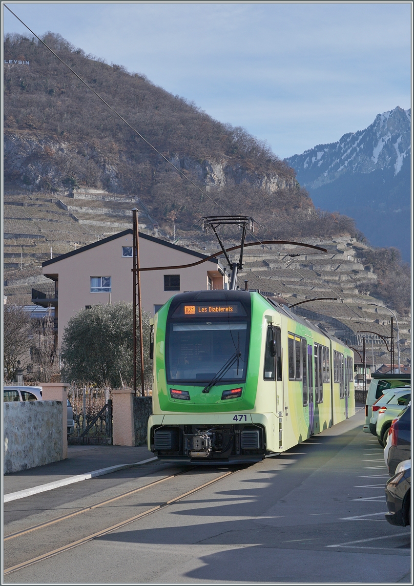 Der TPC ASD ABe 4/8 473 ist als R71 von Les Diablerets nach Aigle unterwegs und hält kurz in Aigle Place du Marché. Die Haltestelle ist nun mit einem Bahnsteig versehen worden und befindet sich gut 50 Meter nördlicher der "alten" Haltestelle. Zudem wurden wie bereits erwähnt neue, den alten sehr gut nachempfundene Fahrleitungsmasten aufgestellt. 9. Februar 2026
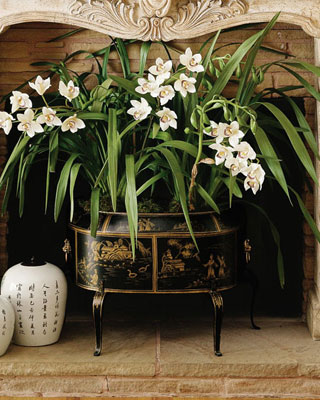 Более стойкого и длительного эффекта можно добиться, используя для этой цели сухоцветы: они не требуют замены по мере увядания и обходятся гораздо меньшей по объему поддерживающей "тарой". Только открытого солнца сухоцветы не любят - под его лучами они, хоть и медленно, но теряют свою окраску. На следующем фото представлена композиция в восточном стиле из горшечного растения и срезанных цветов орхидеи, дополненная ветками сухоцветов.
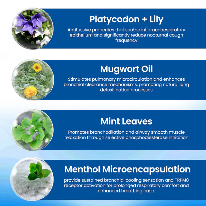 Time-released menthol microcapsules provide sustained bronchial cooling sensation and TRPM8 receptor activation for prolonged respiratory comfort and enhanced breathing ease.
-*-*-
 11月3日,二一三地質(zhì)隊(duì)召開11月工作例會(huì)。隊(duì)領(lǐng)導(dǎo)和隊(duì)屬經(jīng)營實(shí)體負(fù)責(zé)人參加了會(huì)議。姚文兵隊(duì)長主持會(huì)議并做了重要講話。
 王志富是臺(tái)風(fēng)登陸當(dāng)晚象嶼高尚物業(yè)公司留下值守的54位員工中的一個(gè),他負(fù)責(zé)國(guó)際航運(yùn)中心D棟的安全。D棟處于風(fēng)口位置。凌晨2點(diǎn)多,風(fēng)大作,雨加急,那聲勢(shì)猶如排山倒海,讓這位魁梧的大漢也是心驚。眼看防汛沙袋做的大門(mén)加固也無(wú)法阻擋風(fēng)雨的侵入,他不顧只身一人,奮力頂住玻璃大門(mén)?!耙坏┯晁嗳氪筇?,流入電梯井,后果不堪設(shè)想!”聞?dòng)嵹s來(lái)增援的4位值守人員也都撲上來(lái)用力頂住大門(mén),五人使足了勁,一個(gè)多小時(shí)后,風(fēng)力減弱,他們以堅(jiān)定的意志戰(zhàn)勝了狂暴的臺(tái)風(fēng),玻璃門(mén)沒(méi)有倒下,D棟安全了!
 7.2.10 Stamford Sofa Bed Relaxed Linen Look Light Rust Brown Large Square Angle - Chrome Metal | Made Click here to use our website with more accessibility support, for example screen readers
-*-*-
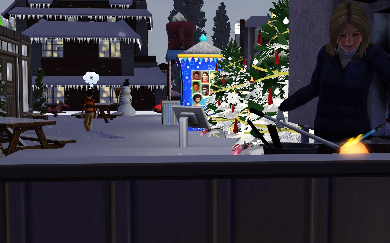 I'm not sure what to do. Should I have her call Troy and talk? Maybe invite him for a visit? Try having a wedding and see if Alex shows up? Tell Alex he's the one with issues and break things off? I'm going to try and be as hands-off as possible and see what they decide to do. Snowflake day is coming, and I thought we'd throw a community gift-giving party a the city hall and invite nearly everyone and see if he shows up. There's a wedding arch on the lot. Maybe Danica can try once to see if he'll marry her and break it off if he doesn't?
-*-*-
### Exercise prompt
Working from the records above, write out verbatim only the lines from the line containing "王志富是臺(tái)風(fē" through the line containing "7.2.10 Stamford Sofa".

### Your response
 王志富是臺(tái)風(fēng)登陸當(dāng)晚象嶼高尚物業(yè)公司留下值守的54位員工中的一個(gè),他負(fù)責(zé)國(guó)際航運(yùn)中心D棟的安全。D棟處于風(fēng)口位置。凌晨2點(diǎn)多,風(fēng)大作,雨加急,那聲勢(shì)猶如排山倒海,讓這位魁梧的大漢也是心驚。眼看防汛沙袋做的大門(mén)加固也無(wú)法阻擋風(fēng)雨的侵入,他不顧只身一人,奮力頂住玻璃大門(mén)?!耙坏┯晁嗳氪筇?,流入電梯井,后果不堪設(shè)想!”聞?dòng)嵹s來(lái)增援的4位值守人員也都撲上來(lái)用力頂住大門(mén),五人使足了勁,一個(gè)多小時(shí)后,風(fēng)力減弱,他們以堅(jiān)定的意志戰(zhàn)勝了狂暴的臺(tái)風(fēng),玻璃門(mén)沒(méi)有倒下,D棟安全了!
 7.2.10 Stamford Sofa Bed Relaxed Linen Look Light Rust Brown Large Square Angle - Chrome Metal | Made Click here to use our website with more accessibility support, for example screen readers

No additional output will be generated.